Electric Car Race Series Features Formula 1-Style Cars & Atmosphere
By Kevin Wilkerson, PubClub.com Blogger
Any fan of motorsports who is looking for something exciting and a bit different will get a real “charge” out of Formula E racing.
There’s a lot to like about Formula E, a second-year series involving Formula 1-style race cars that use batteries for power.
For starters, the events take place all in one day – practice, qualifying and the race – and because of the battery technology the races can only last an hour. Plus, it’s the only show on the track that day.
That’s when I knew I would like it immediately. I’ve been involved in racing long enough to grow tired of the long three-day weekends, the endless lineup of various races taking place throughout the days and races that last two, three, even four or more hours.
It’s also very European, which is a cool feeling in the USA. I was at the Long Beach ePrix and got the feeling that Formula E was a kind of junior Formula 1 event.
Frankly, I wasn’t what sure to expect from it. But I was pleasantly surprised by it.
The ‘Screech By The Beach’
For starters, there’s no roar of the engines, no high-pitched whine like Formula 1 or IndyCar, no deep-throated “vroom” as in NASCAR.

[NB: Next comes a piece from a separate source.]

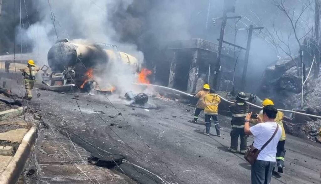 Detalló que una pipa que transportaba combustible impactó a un taxi colectivo, provocando que la primera unidad chocara en la ladera y posteriormente se incendiara.

Rather, the cars sound like the faint noise of airplane’s jet engine at a distance.
One local TV reporter, Dave Kuntz of KABC, cleverly called it not the “Roar By The Shore” as the Toyota Grand Prix of Long Beach is known, but the “Screech By The Beach.”
There are also some cool elements other racing series’ need to emulate. Motorsports is in need of a fan boost and Formula E provides it by doing things such as virtual reality racing in which fans can get inside the cockpit of a driver from home, and something called, well, #FanBoost.
Use that hashtag on social media and the Formula E website and vote to give a driver an extra boost of power during the race.
But it’s what the series does at the events that really give it a boost. The races are fun. Within the “e Village,” which is filled with food and merchandise booths like at every other race, there’s a “Race Booth” with simulators that fans can use and even race against the drivers a couple hours before the real race.
Grid girls – 18 beautiful women – make an appearance and pose for photos before the start of the race. (Tho I have to say the lone “grid guy” is NOT a good idea.)
During the races, because of limited battery life of only half an hour, there’s a different kind of pit stop – the driver pulls in, jumps out of the car, then gets in another car. The announcer makes dramatic countdowns, saying things such as the leaders are “at 51%,” then “at 15%,” then the leader is “down to 3%!!!”
Imagine how much more exciting other racing would be if fans knew the fuel situation of the leaders.
Then there’s the post-race celebration. Fans are invited to the podium area, which is a big stage like at a concert. A gap is formed in the crowd and the drivers – one by one – run through it high-fiving people. They then hop up on the stage, get their trophies and spray champagne on the crowd.
In all other forms of racing, Victory Circle is reserved for officials, teams and press photographers. And with the “hat dance” of sponsors, it lasts achingly long. Formula E’s ceremony was quick, efficient and fun.
All this leaves you walking away from the event saying “that was pretty cool!”
Yet even with Telsa and the James Bond-looking Faraday Future car, the series must fight perceptions about electric cars on a race track. I had invited a friend to it and she blew it off, then was mad at herself when I showed her pictures and video of the race.
“Those are Formula 1 cars!,” she exclaimed. “Had I known, I would have gone in a heartbeat. When you said ‘electric cars,’ I thought it was a bunch of Chevy Volts going around the track.”
No, they are not Chevy Volts, they are real race cars capable of going more than 130 mph on a tight street course held in the middle of major cities throughout the world.
And in many ways, it’s an electrifying experience.